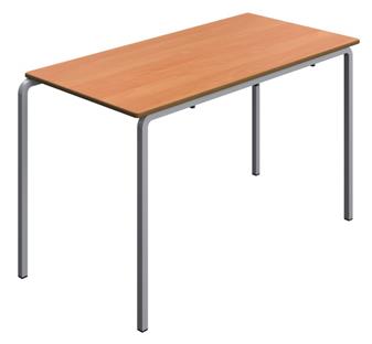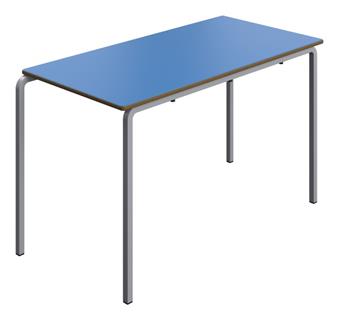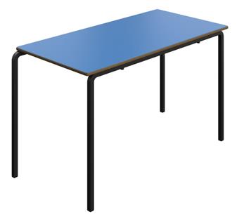 Quick Delivery Crush Bent MDF Classroom Tables - 1200 x 600, available on a 7-10 working day delivery. These rectangular tabes with crush bent frame come in 2 secondary/adult heights - 710mm and 760mm, and are available from stock with laminated tops in a choice of 4 colours: beech, grey, blue and white.
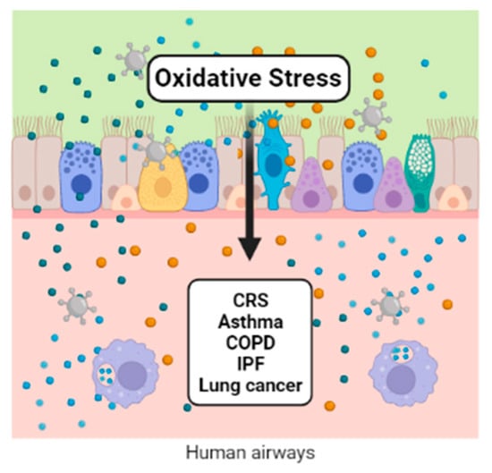 All those mechanisms are driven at the physiological level of ROS/RNS, known as oxidative eustress. Cellular antioxidant mechanisms maintain eustress, and when the formation of ROS/RNS overwhelms the cell’s antioxidant defense, molecular damage is produced, characterized as oxidative stress or distress [4]. Exogenous factors contributing to the generation of ROS/RNS include exposure to environmental pollutants, such as heavy metals (Cd, Hg, Pb, Fe, and As), certain drugs (cyclosporine, tacrolimus, gentamycin, and bleomycin), chemical solvents, cooking (smoked meat, used oil, and fat), cigarette smoke, vaping, alcohol, and radiation [5]. There is growing evidence that air pollution enhances oxidative stress and contributes to several diseases, from airway illnesses to DNA damage [6]. This review focuses on the participation of oxidative stress in the pathophysiology of respiratory tract diseases (Figure 1).
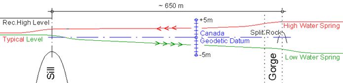 Die zwischen der Gorge und dem direkt an der Fundybay liegenden St. John Harbour (Distanz etwa 2 km) sich einstellenden kleinen Pegelunterschiede werden vernachlässigt.
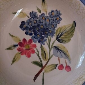 Lovely hand-painted ceramic bowl. Sky blue lip with raised white vine. Inside bowl is pretty painting of flowers. Approx 8 5" diameter. Use as a display piece. Would look great on a kitchen or dining room wall. Flora.
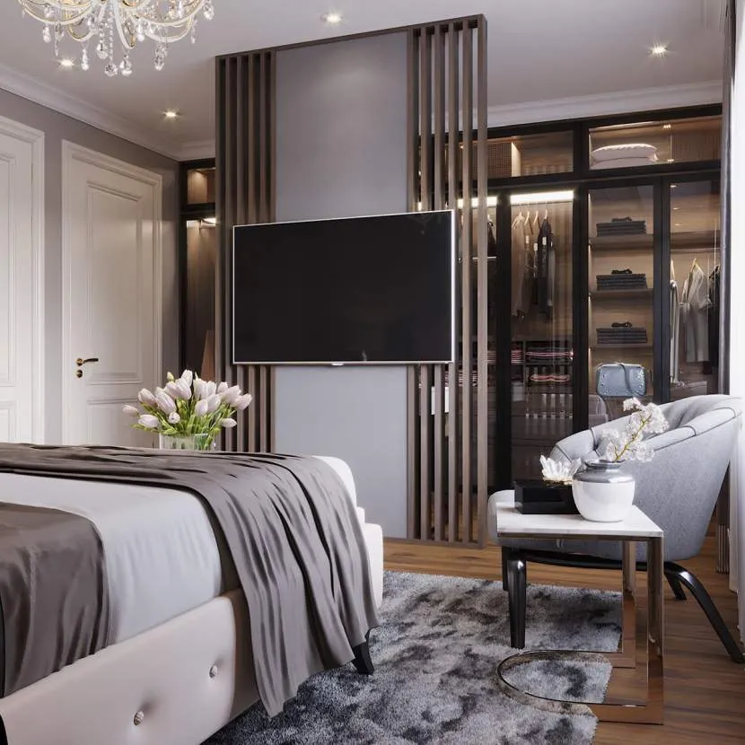 Часто требуется скрыть присутствие телевизора в спальне. Особенно, если речь идет о классическом интерьере, когда присутствие современной техники несколько выбивается из стилевой концепции.
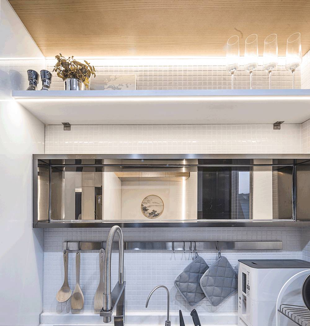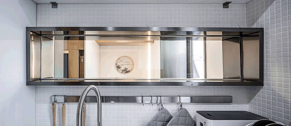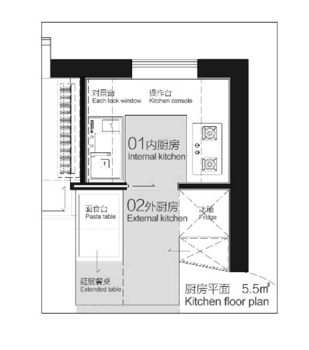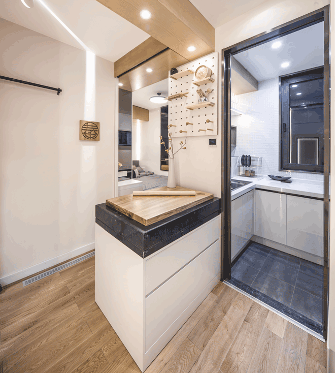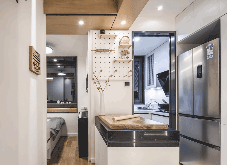 除此之外,在如此小的空间内,设计师居然还变魔术似的设计出内外两个厨房,内厨房可以烹饪各种中式菜肴,也可以满足秦太太烤各种小点心的小小梦想(透明玻璃移门隔绝油烟),而外厨房则是一个面食操作和临时餐厅混用的区域,爷爷奶奶可以在这里做裤带面、搓鱼子、饸烙面、锅盔等各种面食啦(哎呀呀,小编写的都要流口水啦)。
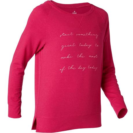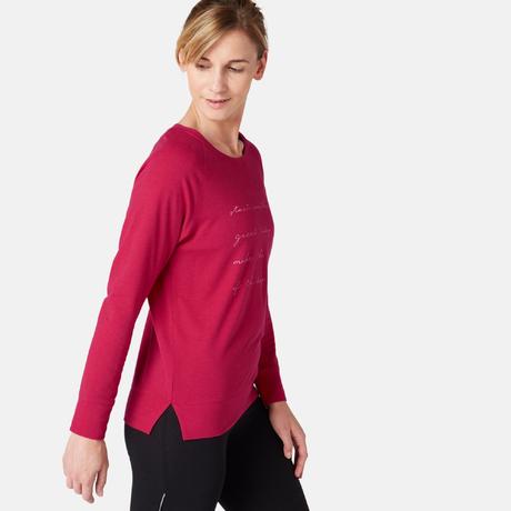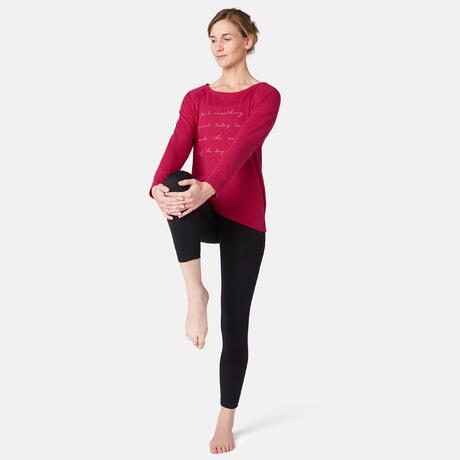 ДАМСКА БЛУЗА С ДЪЛЪГ РЪКАВ ЗА ПИЛАТЕС 500, ЧЕРВЕНА С ПРИНТ
════════
**About this exercise**
Taking the material above, give again exactly the lines from the one holding "All those mechanisms" through the one holding "Die zwischen der", with both ends and without pictures.

**Written response**
 All those mechanisms are driven at the physiological level of ROS/RNS, known as oxidative eustress. Cellular antioxidant mechanisms maintain eustress, and when the formation of ROS/RNS overwhelms the cell’s antioxidant defense, molecular damage is produced, characterized as oxidative stress or distress [4]. Exogenous factors contributing to the generation of ROS/RNS include exposure to environmental pollutants, such as heavy metals (Cd, Hg, Pb, Fe, and As), certain drugs (cyclosporine, tacrolimus, gentamycin, and bleomycin), chemical solvents, cooking (smoked meat, used oil, and fat), cigarette smoke, vaping, alcohol, and radiation [5]. There is growing evidence that air pollution enhances oxidative stress and contributes to several diseases, from airway illnesses to DNA damage [6]. This review focuses on the participation of oxidative stress in the pathophysiology of respiratory tract diseases (Figure 1).
 Die zwischen der Gorge und dem direkt an der Fundybay liegenden St. John Harbour (Distanz etwa 2 km) sich einstellenden kleinen Pegelunterschiede werden vernachlässigt.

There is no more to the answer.